In line with the pangenomics approach, He et al. (2015) assembled the first pan-transcriptome resources for the Brassica A and C genomes. The pan transcriptome was established using existing coding DNA sequence (CDS) gene models from the B. oleracea TO1000 and B. napus Darmor-bzh reference genomes in addition to preliminary CDS models from the B. rapa Chiifu genome sequence assembly. The construction of the pan-transcriptome allows, in a similar fashion as the pangenome, the discovery of functional dispensable genes (Jin et al., 2016).

Epi-Genomics

In addition to the identification of novel genes and useful haplotypes, epigenetic variation has the potential to contribute toward crop adaptation and productivity (Dwivedi et al., 2017). These epigenetic variations are plant developmental and adaptation responses to environmental constraints (Gallusci et al., 2017; Tirnaz and Batley, 2019b). Epigenomics encapsulates genotype × environment interactions and their independent influence on the phenotype (Seymour and Becker, 2017) and may contribute as potential phenotypic resources for breeding.

Epigenetic regulation is independent of DNA sequence alteration and stably inherited during mitosis or meiosis (Weigel and Colot, 2012). DNA (de)methylation, histone modification, and chromatin remodeling involves regulatory reprogramming at transcriptional and post-transcriptional levels (Paszkowski and Whitham, 2001; Tirnaz and Batley, 2019a). DNA methylation in plants includes de novo methylation, as well as maintenance and demethylation, as a means of regulatory check and balance in gene expression (Elhamamsy, 2016; Tirnaz and Batley, 2019a). Histone modification refers to the methylation or (de)acetylation of histone proteins at the N-terminal.
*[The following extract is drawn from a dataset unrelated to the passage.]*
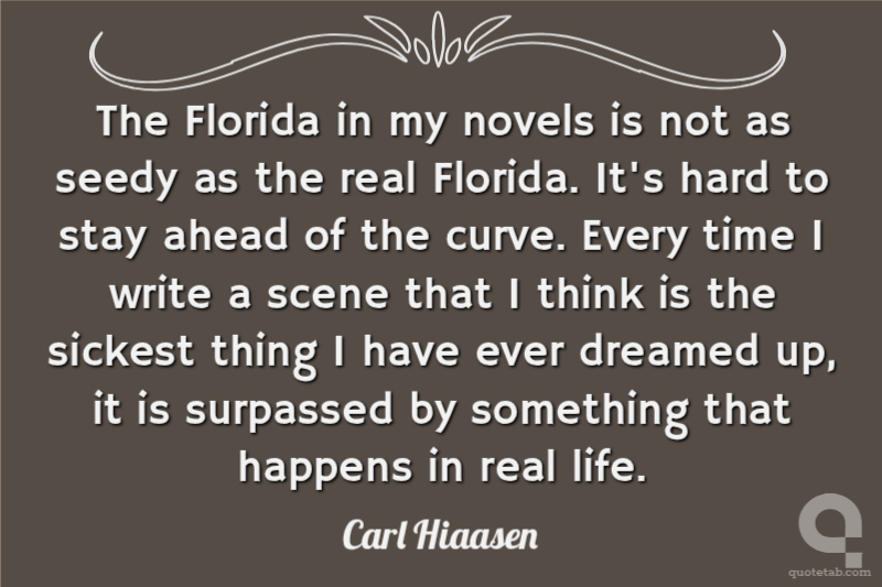 The Florida in my novels is not as seedy as the real Florida. It's hard to stay ahead of the curve. Every time I write a scene that I think is the sickest thing I have ever dreamed up, it is surpassed by something that happens in real life.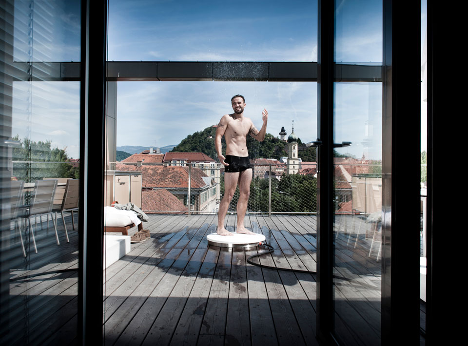 この下から吹き上げるタイプのシャワーはベルギーのデザイナーDanny Venletさんによってデザインされました。

Mono-, di-, or trimethylation of the lysine residue in the former results in various functional responses, while the histone acetylation and deacetylation are associated with gene activation and repression, respectively (Fuchs et al., 2006). Additionally, chromatin remodeling is influenced by histone octomer movement (Perrella and Kaiserli, 2016), ATP-dependent enzyme affecting nucleosome composition (Tariq and Paszkowski, 2004) or histone variants (Rando and Ahmad, 2007) cause the DNA sequence to become inaccessible to transcriptional mechanisms, resulting in transcriptional silencing.

Epialleles, or epivariants, first coined in mammals by Rakyan et al. (2002), refer to genetically identical and stable alleles that are variably expressed due to epigenetic regulations and result in difference in phenotype (Richards, 2006; Dolinoy et al., 2010). Earlier studies on epialleles lack whole-genome information to decipher association with desirable traits (Seymour and Becker, 2017). While more studies have been conducted recently, epigenomics is still considered in its infancy compared with the characterization of genetic sequence- or structural-caused variation.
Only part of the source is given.